Dr Hunt’s comments specifically referred to the recent draft guideline on prevention of pulmonary embolism in high-risk surgical patients, published in October 2006, but she added that similar problems have also been experienced with draft documents dealing in the areas of hypertension and hyperlipidaemia, which have needed dramatic revision at a late stage before final publication. More recently, concerns have been raised, for similar reasons, about the post-myocardial infarction guideline process, she told the MPs.
Roger Atkins, the British Orthopaedic Association’s (BOA) lead councillor for NICE, told the Committee that the orthopaedic community was not adequately consulted during production of NICE’s guidance on the prevention of venous thromboembolism (VTE) in patients undergoing surgery. The “very didactic” recommendations contained in the guideline, which was published in April, are not those recommended by orthopaedic VTE experts and they also differ from the “seminal” recommendations of the American Academy of Orthopaedic Surgeons, he said.

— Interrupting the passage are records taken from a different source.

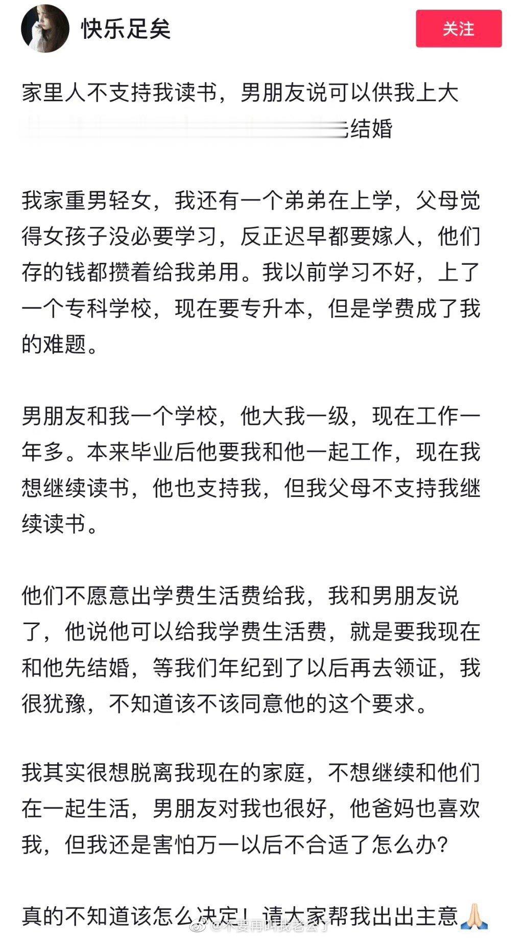 男朋友愿意供我上学,唯一的要求是先和他结婚,怎么办?
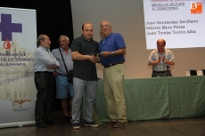 Sebastián Cid Bernal y Conrado Ramos Tapia recibieron este miércoles en Vitigudino la Gran Cruz de la de la Hermandad de Donantes de Sangre, distintivo con el que se reconoce su actitud solidaria tras haberse sometido a 50 donaciones de sangre. En este acto de entrega de medallas de la Hermandad fueron 15 en total las personas que recibieron sus respectivos distintivos, bien de las manos del alcalde Germán Vicente, del teniente de alcalde Javier Muñiz o del concejal del PP José Hernández, que acompañaron a los responsables de este colectivo con su presidente provincial al frente, Rogelio Manuel Carrasco, además del delegado en Vitigudino, Baltasar Vicente.
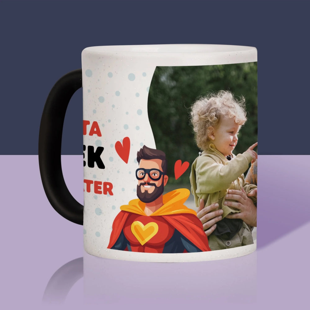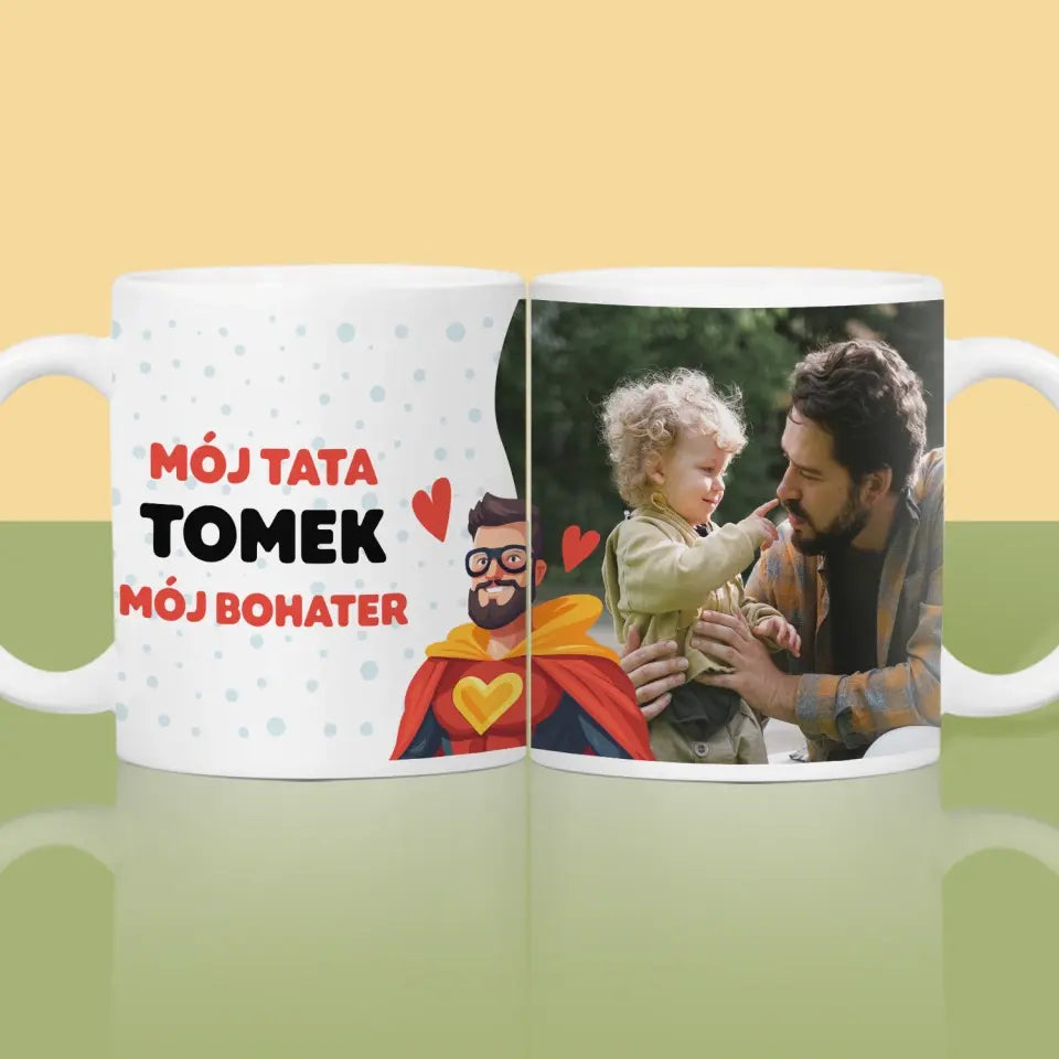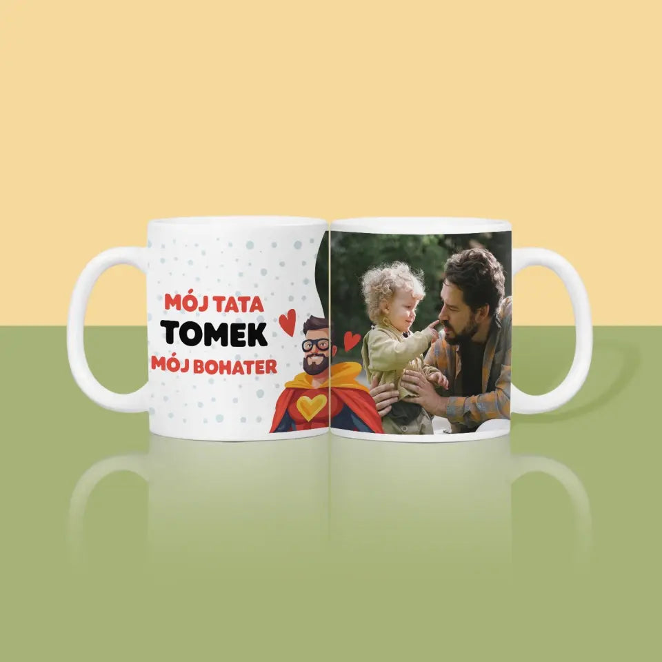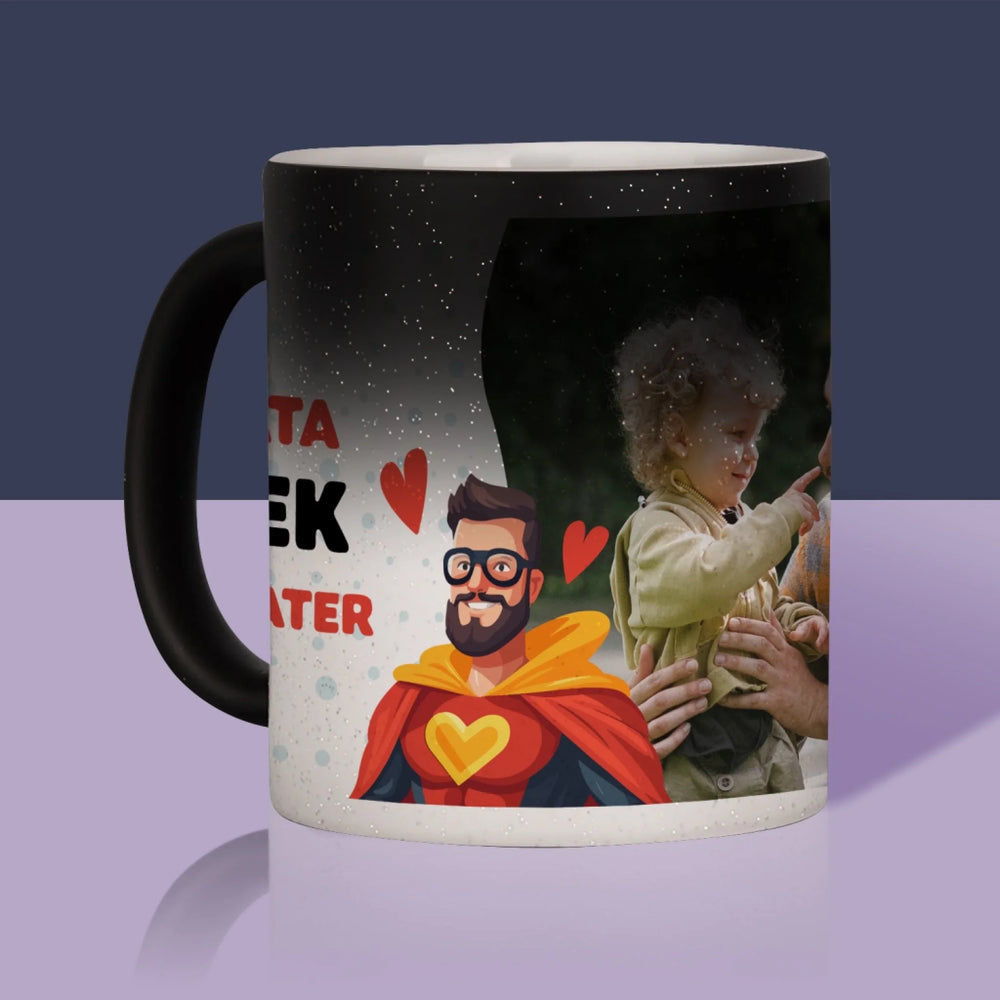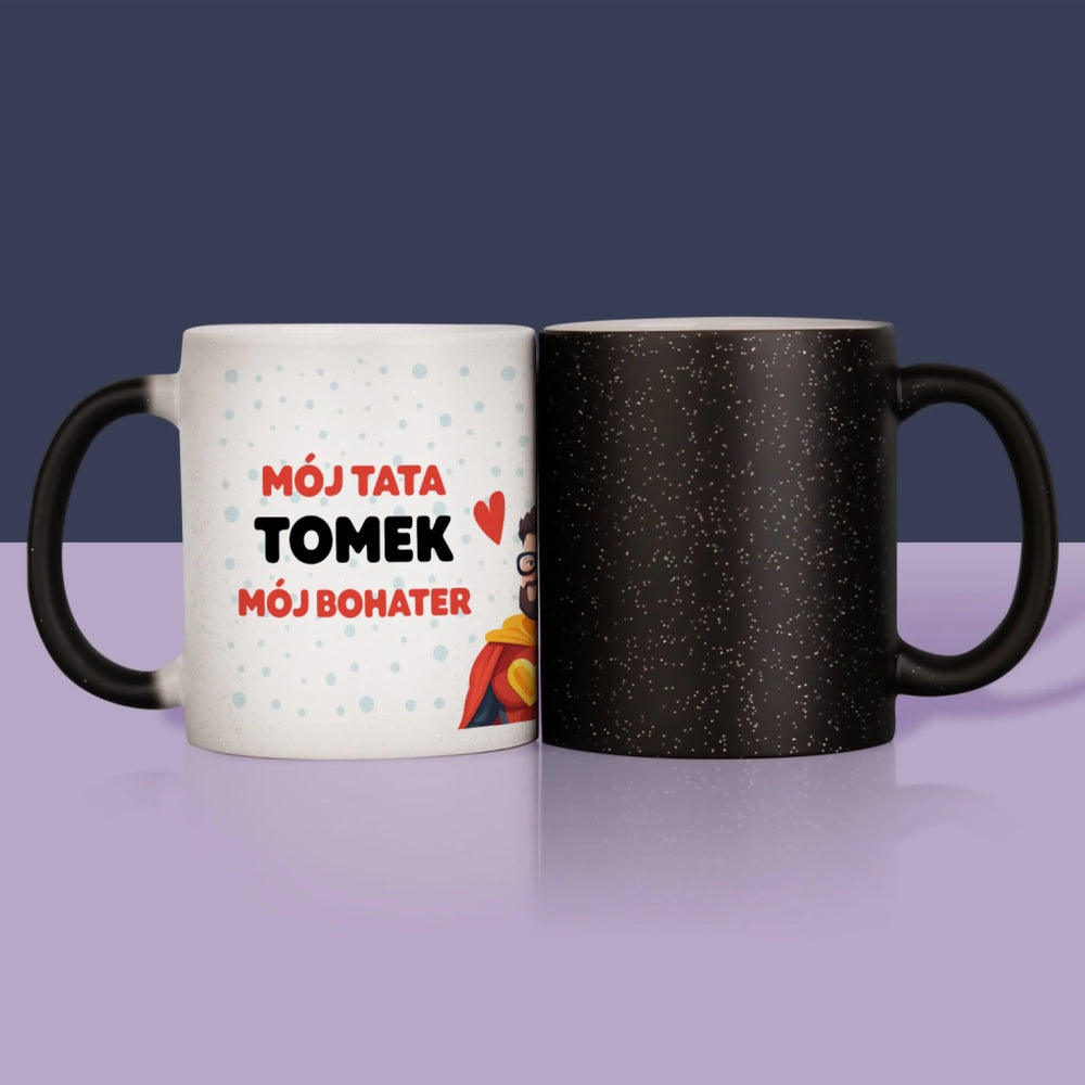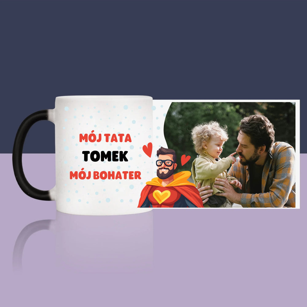 Zdjęcie i Podpis: Tata Mój Bohater - Magiczny kubek z brokatem
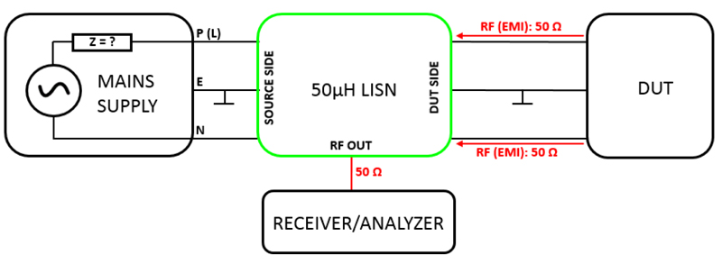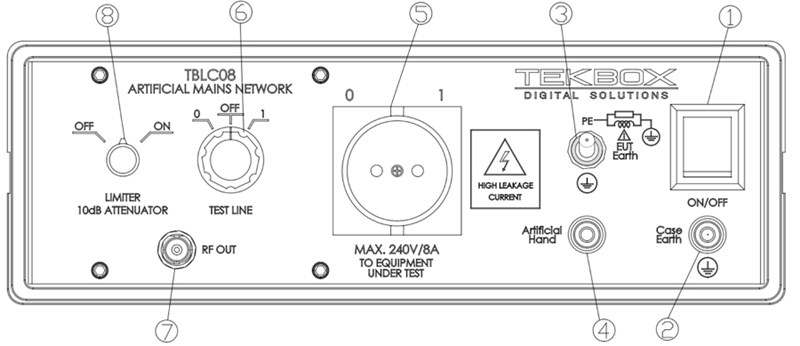 The TBLC08 is a Line Impedance Stabilization Network for the measurement of line-conducted interference within the range of 9kHz to 30MHz, according to the CISPR16 standard. The device is designed for testing single phase, AC-powered equipment with supply voltages up to maximum 240V. Conducted noise can be measured on the phase and on the neutral conductor. The TBLC08 is equipped with a switchable limiter/attenuator and an artificial hand connection. The device is available with country-specific DUT connectors Pre-compliance testing of conducted emissions Full compliance measurement of AC mains supplied products requires a high end set up consisting of an anechoic or screened chamber, a measurement receiver that complies with the requirements of CISPR 16, a 50µH LISN and a suitable table for the measurement setup. Great effort and cost ensures optimum accuracy and repeatability. Pre-compliance measurements target to give an approximation of the EMC performance of the Device Under Test at a fraction of the cost of full compliance testing. The measurement receiver can be replaced by a spectrum analyzer with suitable sensitivity, bandwidth and detectors. The advent of affordable spectrum analyzers with EMI detectors such as the DSA815 from Rigol or similar products made EMC pre-compliance testing affordable for any company which develops electronic products. Together with test accessories from Tekbox, EMC pre-compliance set-ups cost hardly more than a standard oscilloscope a few years ago. Eliminate uncertainty before going to the test house for compliance testing. There is hardly anything that can give you a return on invest as quickly as EMC pre compliance test equipment. Line Impedance Stabilization Networks Any LISN (line impedance stabilization network) is basically a kind of filter. A LISN is always inserted between the supply input terminals of the DUT (Device Under Test) and the supply which is used to power the DUT. It presents a defined impedance for the noise which is produced by the DUT and emitted via the supply cables of the Device Under Test. The impedance seen by the RF emissions is 50 Ohms¦ 50µH which results in 50 Ohms for the most part of the specified frequency range. Only at the lower edge of its bandwidth, the impedance decreases. This impedance curve is specified in the corresponding test standards. Having a defined impedance for the emissions at the DUT terminals eliminates any influence of the power source impedance. Consequently, the measured amplitudes of the noise spectrum become independent of the power source characteristics:
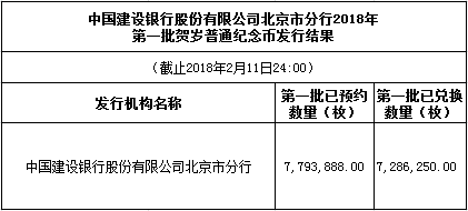 中国建设银行股份有限公司北京市分行2018年第一批贺岁普通纪念币发行结果
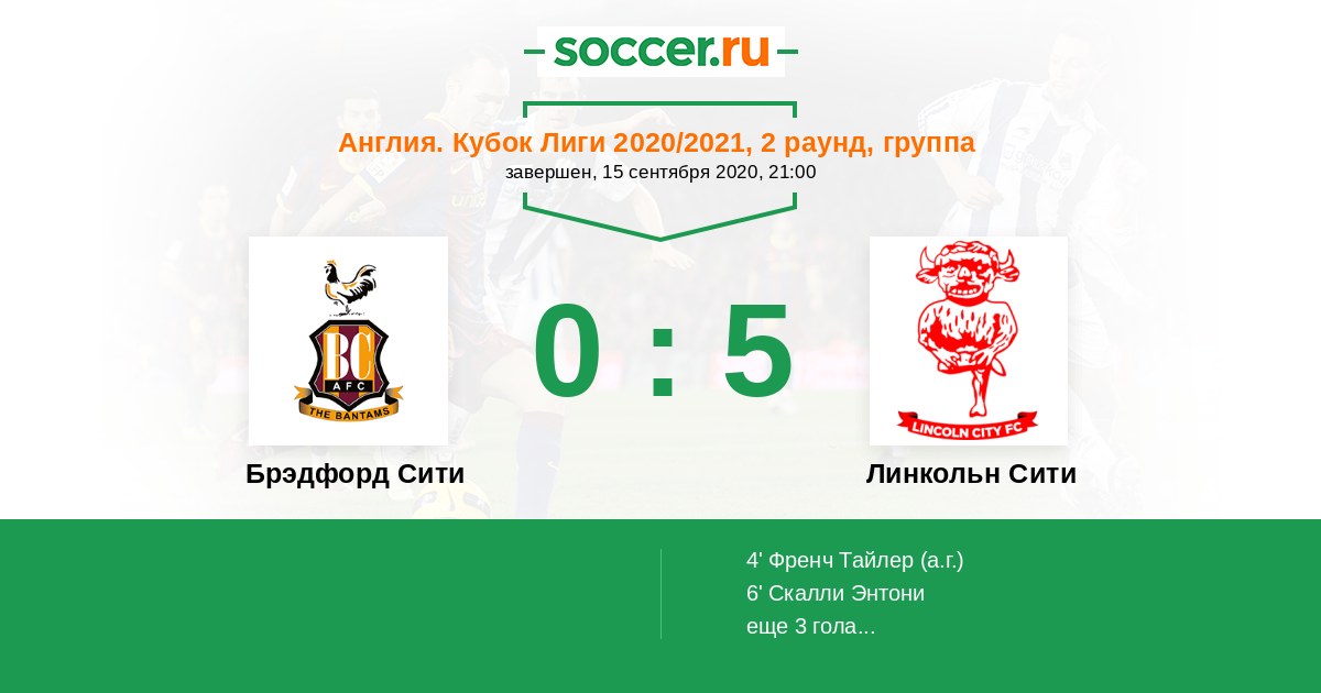 Протокол матча Брэдфорд Сити против Линкольн Сити
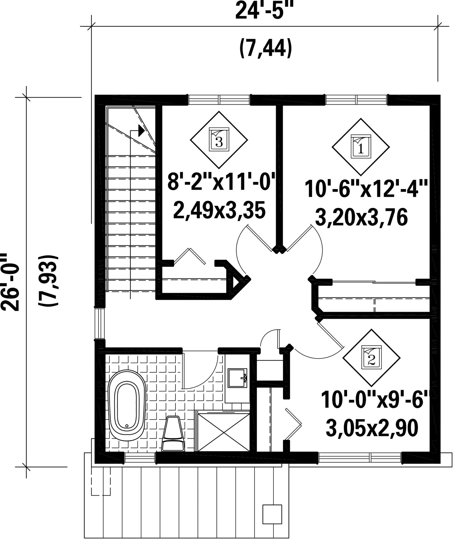 | Front | 24 ft 5 in | Total living surface | 1246 ft² |

Prof Atkins was highly critical of the fact that none of the orthopaedic experts who have “a lifelong interest in the area” were invited to give advice on the guideline’s development, and also that the BOA’s lengthy commentary on the draft received no response and scant notice in the final version.
There appears to be no ready mechanism for NICE to review or vary its guidance, once it is published, in light of the clinicians’ very serious concerns, commented Prof Atkins. He also warned the panel that implementation of the VTE guidance will be expensive and “may well be associated with significant complications.”